* INFORMATION SUPPLIED
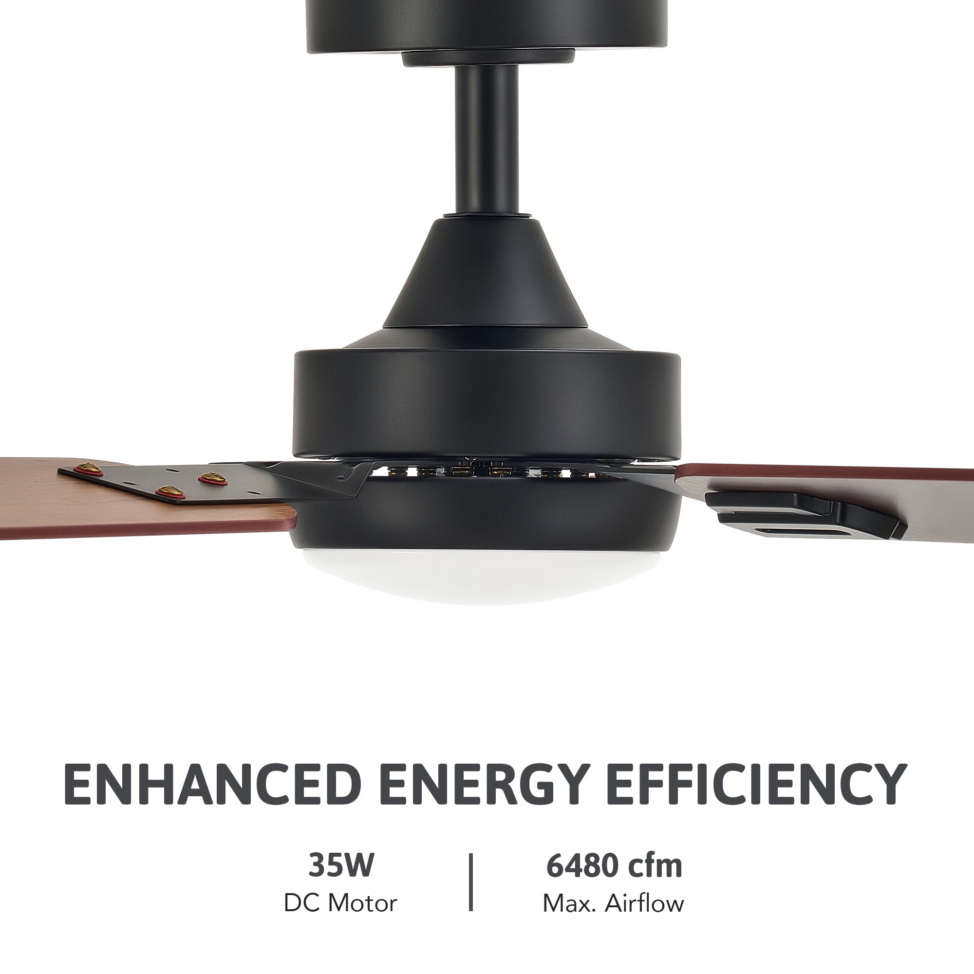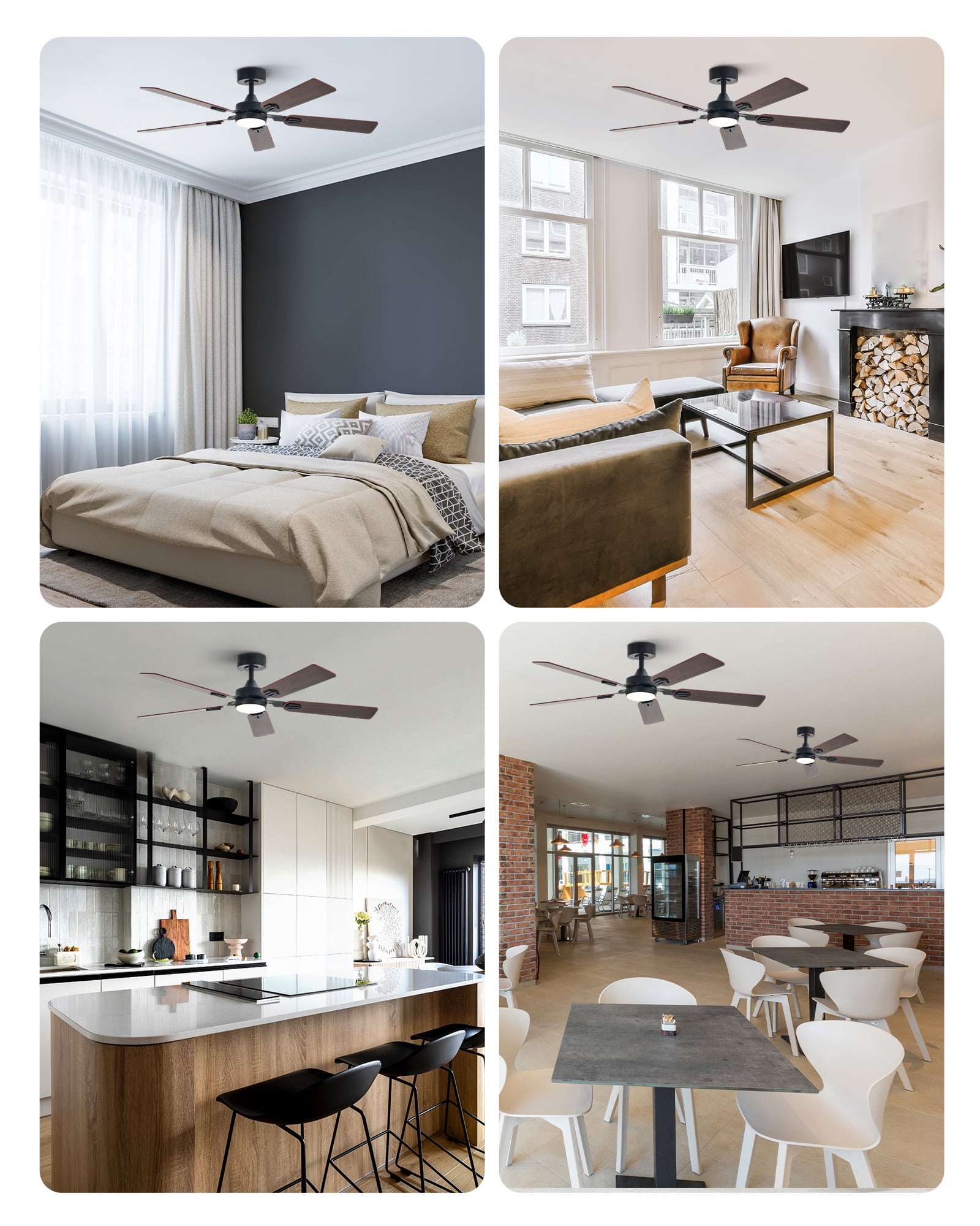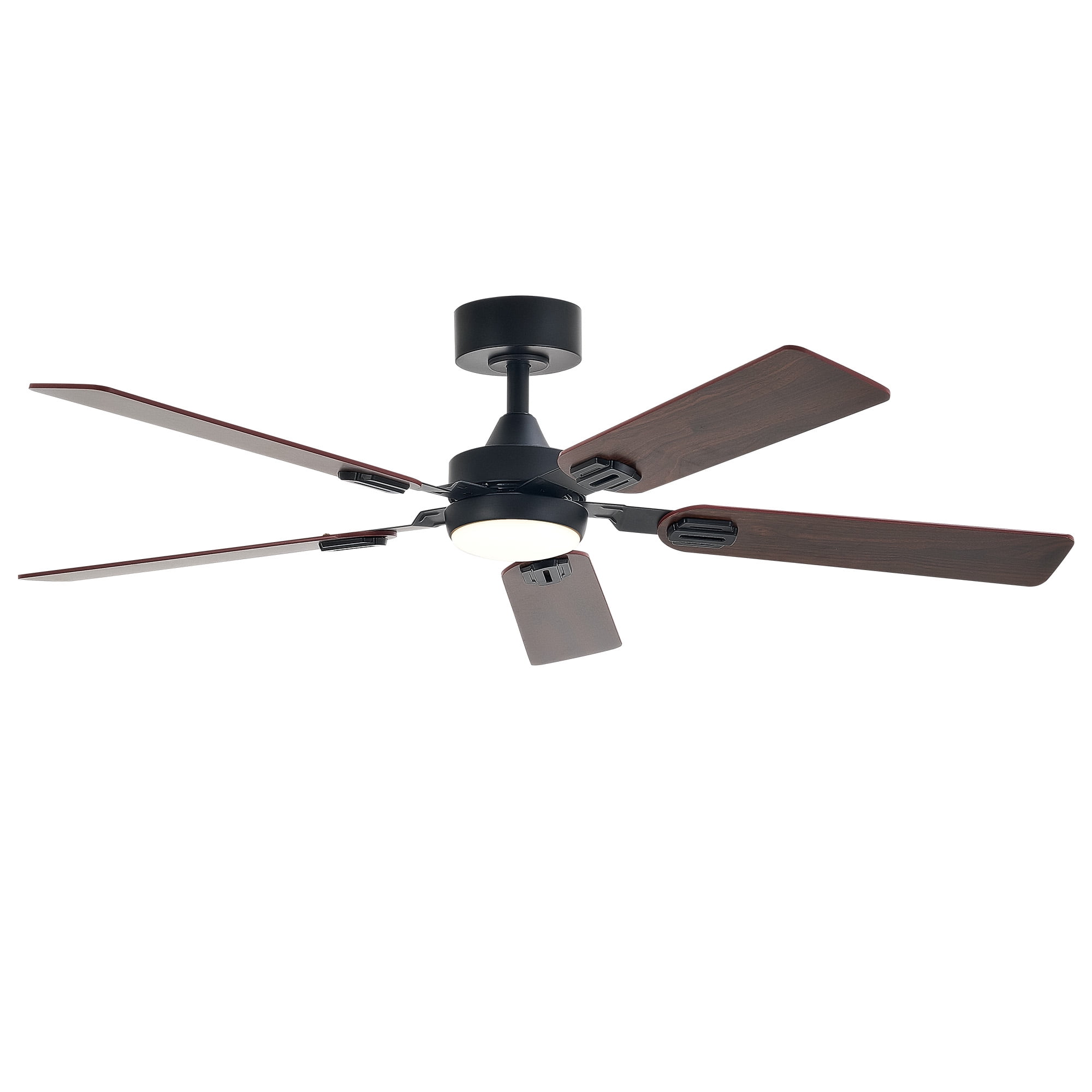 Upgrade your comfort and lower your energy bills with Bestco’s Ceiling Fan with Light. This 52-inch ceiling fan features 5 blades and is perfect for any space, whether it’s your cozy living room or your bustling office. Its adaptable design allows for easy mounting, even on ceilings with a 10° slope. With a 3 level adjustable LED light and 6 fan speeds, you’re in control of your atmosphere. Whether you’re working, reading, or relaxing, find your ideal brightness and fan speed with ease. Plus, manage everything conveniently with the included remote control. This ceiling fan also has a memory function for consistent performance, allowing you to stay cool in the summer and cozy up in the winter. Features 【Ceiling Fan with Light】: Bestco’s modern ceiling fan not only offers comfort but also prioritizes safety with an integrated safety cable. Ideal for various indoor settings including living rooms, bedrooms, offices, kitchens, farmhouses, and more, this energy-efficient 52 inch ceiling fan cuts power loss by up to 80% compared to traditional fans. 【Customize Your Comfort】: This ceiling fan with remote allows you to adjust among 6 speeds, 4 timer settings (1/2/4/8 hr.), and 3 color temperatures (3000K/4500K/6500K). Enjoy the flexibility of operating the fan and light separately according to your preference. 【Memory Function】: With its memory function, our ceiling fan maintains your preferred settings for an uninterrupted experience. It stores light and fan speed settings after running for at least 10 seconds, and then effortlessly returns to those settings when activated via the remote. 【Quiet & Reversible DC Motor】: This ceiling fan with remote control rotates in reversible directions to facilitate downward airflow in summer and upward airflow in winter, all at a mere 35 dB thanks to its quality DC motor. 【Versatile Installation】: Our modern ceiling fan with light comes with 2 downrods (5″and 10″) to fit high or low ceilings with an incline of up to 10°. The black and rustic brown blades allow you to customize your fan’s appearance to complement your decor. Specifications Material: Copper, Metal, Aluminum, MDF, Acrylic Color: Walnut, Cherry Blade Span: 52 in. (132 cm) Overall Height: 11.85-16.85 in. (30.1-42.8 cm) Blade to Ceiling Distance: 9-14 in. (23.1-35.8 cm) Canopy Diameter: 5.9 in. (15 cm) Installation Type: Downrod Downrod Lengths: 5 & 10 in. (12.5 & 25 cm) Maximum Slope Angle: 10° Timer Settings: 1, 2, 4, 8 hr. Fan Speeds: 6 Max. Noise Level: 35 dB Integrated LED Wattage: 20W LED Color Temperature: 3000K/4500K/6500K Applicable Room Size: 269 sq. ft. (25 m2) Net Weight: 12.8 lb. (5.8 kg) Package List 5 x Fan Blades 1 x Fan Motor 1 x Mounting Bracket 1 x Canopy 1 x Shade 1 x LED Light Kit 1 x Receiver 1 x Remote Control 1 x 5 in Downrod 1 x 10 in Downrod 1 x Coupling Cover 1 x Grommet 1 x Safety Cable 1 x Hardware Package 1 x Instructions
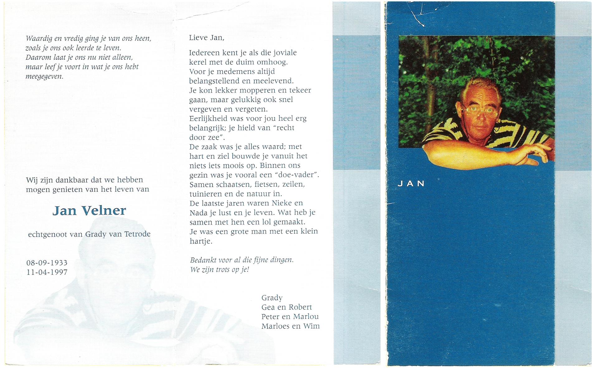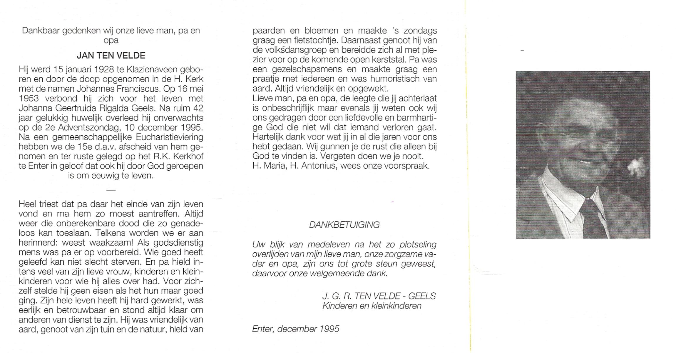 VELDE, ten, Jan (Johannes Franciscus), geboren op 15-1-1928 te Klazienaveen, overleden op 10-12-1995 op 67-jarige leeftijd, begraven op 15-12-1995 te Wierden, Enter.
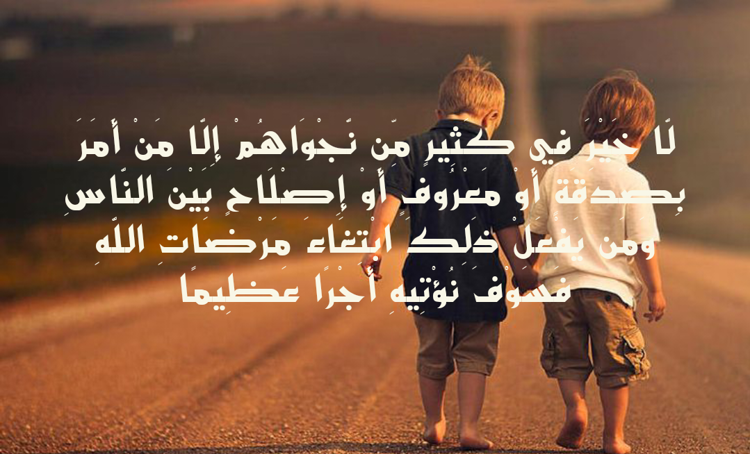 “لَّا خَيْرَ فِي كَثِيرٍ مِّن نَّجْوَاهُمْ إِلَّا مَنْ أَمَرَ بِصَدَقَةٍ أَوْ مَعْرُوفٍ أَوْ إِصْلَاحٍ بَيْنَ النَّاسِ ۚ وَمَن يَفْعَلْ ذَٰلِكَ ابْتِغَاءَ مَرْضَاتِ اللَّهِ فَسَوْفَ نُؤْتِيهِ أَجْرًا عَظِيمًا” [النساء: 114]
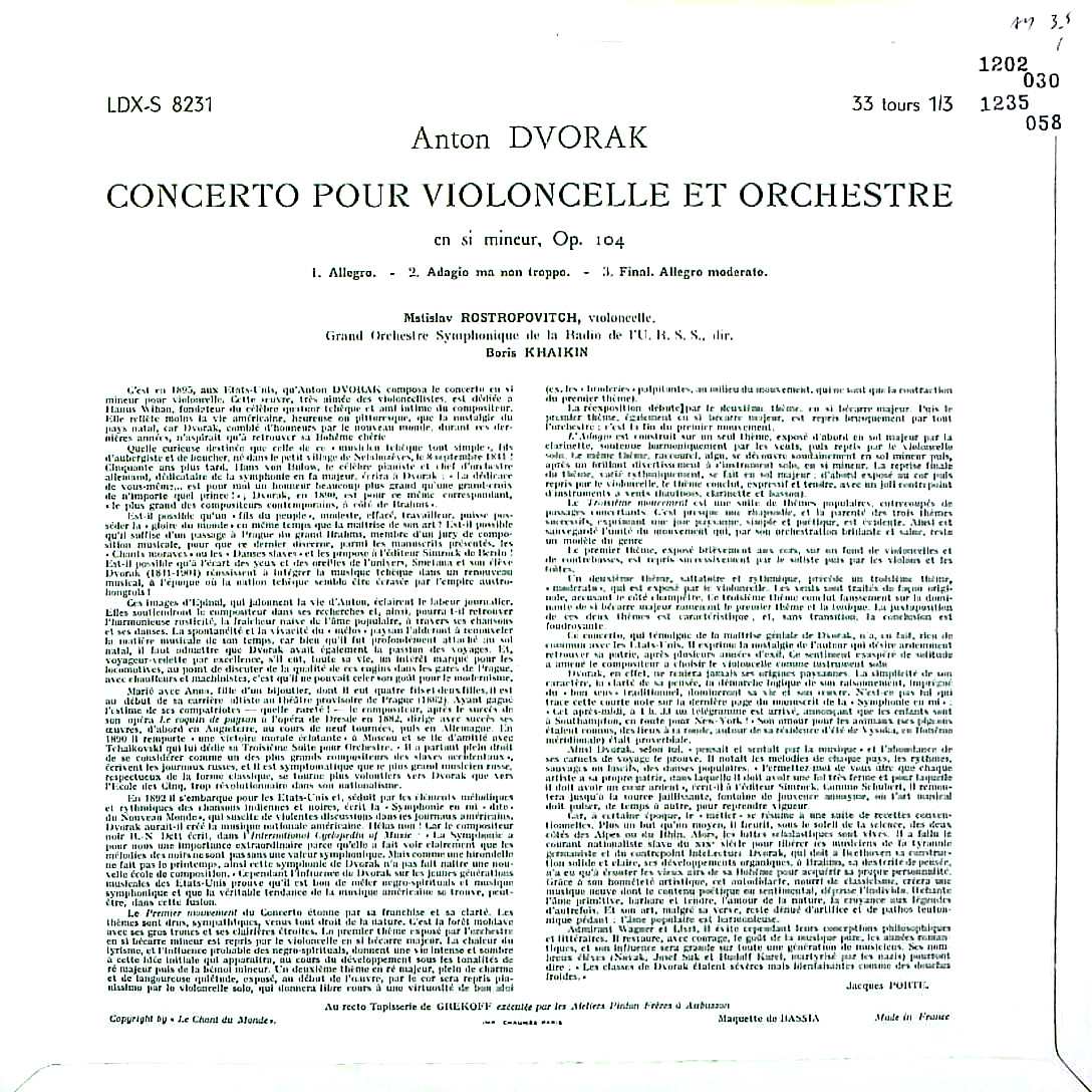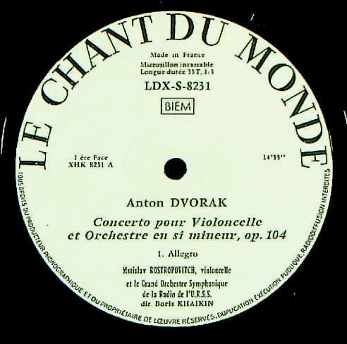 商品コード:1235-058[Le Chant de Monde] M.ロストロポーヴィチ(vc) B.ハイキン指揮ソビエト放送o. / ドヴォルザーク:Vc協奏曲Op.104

* PROBLEM DESCRIPTION
Pictures are not part of the copy; transcribe the rest of the data verbatim.

* EXERCISE OUTPUT
 Upgrade your comfort and lower your energy bills with Bestco’s Ceiling Fan with Light. This 52-inch ceiling fan features 5 blades and is perfect for any space, whether it’s your cozy living room or your bustling office. Its adaptable design allows for easy mounting, even on ceilings with a 10° slope. With a 3 level adjustable LED light and 6 fan speeds, you’re in control of your atmosphere. Whether you’re working, reading, or relaxing, find your ideal brightness and fan speed with ease. Plus, manage everything conveniently with the included remote control. This ceiling fan also has a memory function for consistent performance, allowing you to stay cool in the summer and cozy up in the winter. Features 【Ceiling Fan with Light】: Bestco’s modern ceiling fan not only offers comfort but also prioritizes safety with an integrated safety cable. Ideal for various indoor settings including living rooms, bedrooms, offices, kitchens, farmhouses, and more, this energy-efficient 52 inch ceiling fan cuts power loss by up to 80% compared to traditional fans. 【Customize Your Comfort】: This ceiling fan with remote allows you to adjust among 6 speeds, 4 timer settings (1/2/4/8 hr.), and 3 color temperatures (3000K/4500K/6500K). Enjoy the flexibility of operating the fan and light separately according to your preference. 【Memory Function】: With its memory function, our ceiling fan maintains your preferred settings for an uninterrupted experience. It stores light and fan speed settings after running for at least 10 seconds, and then effortlessly returns to those settings when activated via the remote. 【Quiet & Reversible DC Motor】: This ceiling fan with remote control rotates in reversible directions to facilitate downward airflow in summer and upward airflow in winter, all at a mere 35 dB thanks to its quality DC motor. 【Versatile Installation】: Our modern ceiling fan with light comes with 2 downrods (5″and 10″) to fit high or low ceilings with an incline of up to 10°. The black and rustic brown blades allow you to customize your fan’s appearance to complement your decor. Specifications Material: Copper, Metal, Aluminum, MDF, Acrylic Color: Walnut, Cherry Blade Span: 52 in. (132 cm) Overall Height: 11.85-16.85 in. (30.1-42.8 cm) Blade to Ceiling Distance: 9-14 in. (23.1-35.8 cm) Canopy Diameter: 5.9 in. (15 cm) Installation Type: Downrod Downrod Lengths: 5 & 10 in. (12.5 & 25 cm) Maximum Slope Angle: 10° Timer Settings: 1, 2, 4, 8 hr. Fan Speeds: 6 Max. Noise Level: 35 dB Integrated LED Wattage: 20W LED Color Temperature: 3000K/4500K/6500K Applicable Room Size: 269 sq. ft. (25 m2) Net Weight: 12.8 lb. (5.8 kg) Package List 5 x Fan Blades 1 x Fan Motor 1 x Mounting Bracket 1 x Canopy 1 x Shade 1 x LED Light Kit 1 x Receiver 1 x Remote Control 1 x 5 in Downrod 1 x 10 in Downrod 1 x Coupling Cover 1 x Grommet 1 x Safety Cable 1 x Hardware Package 1 x Instructions
 VELDE, ten, Jan (Johannes Franciscus), geboren op 15-1-1928 te Klazienaveen, overleden op 10-12-1995 op 67-jarige leeftijd, begraven op 15-12-1995 te Wierden, Enter.
 “لَّا خَيْرَ فِي كَثِيرٍ مِّن نَّجْوَاهُمْ إِلَّا مَنْ أَمَرَ بِصَدَقَةٍ أَوْ مَعْرُوفٍ أَوْ إِصْلَاحٍ بَيْنَ النَّاسِ ۚ وَمَن يَفْعَلْ ذَٰلِكَ ابْتِغَاءَ مَرْضَاتِ اللَّهِ فَسَوْفَ نُؤْتِيهِ أَجْرًا عَظِيمًا” [النساء: 114]
 商品コード:1235-058[Le Chant de Monde] M.ロストロポーヴィチ(vc) B.ハイキン指揮ソビエト放送o. / ドヴォルザーク:Vc協奏曲Op.104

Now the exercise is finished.